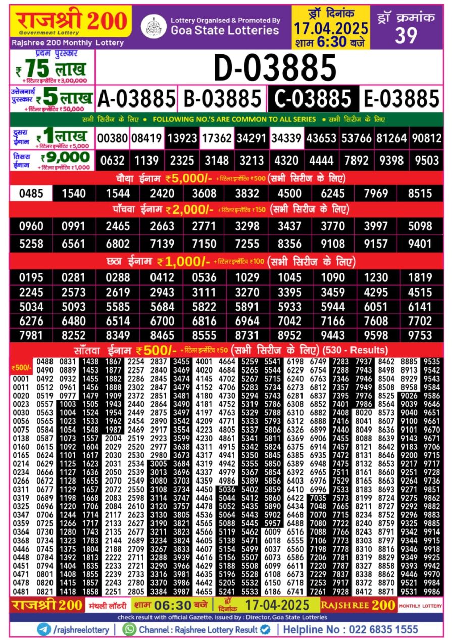 राजश्री 200 मंथली लॉटरी रिजल्ट  18.9.25
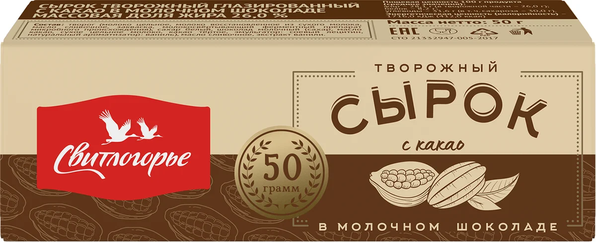 Сырок творожный Свитлогорье глазированный с какао 26%, 50г
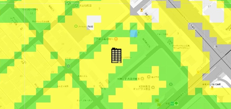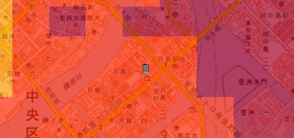 ●東京都の「地震に関する地域危険度測定調査」によると、「月島1丁目」の地域危険度は“3”(※)であり、災害リスクが多少残る地域であるとされています。

----------

▶ PROBLEM DESCRIPTION
Leaving the pictures out, give back each line above exactly.

▶ ANSWER SPACE
 राजश्री 200 मंथली लॉटरी रिजल्ट  18.9.25
 Сырок творожный Свитлогорье глазированный с какао 26%, 50г
 ●東京都の「地震に関する地域危険度測定調査」によると、「月島1丁目」の地域危険度は“3”(※)であり、災害リスクが多少残る地域であるとされています。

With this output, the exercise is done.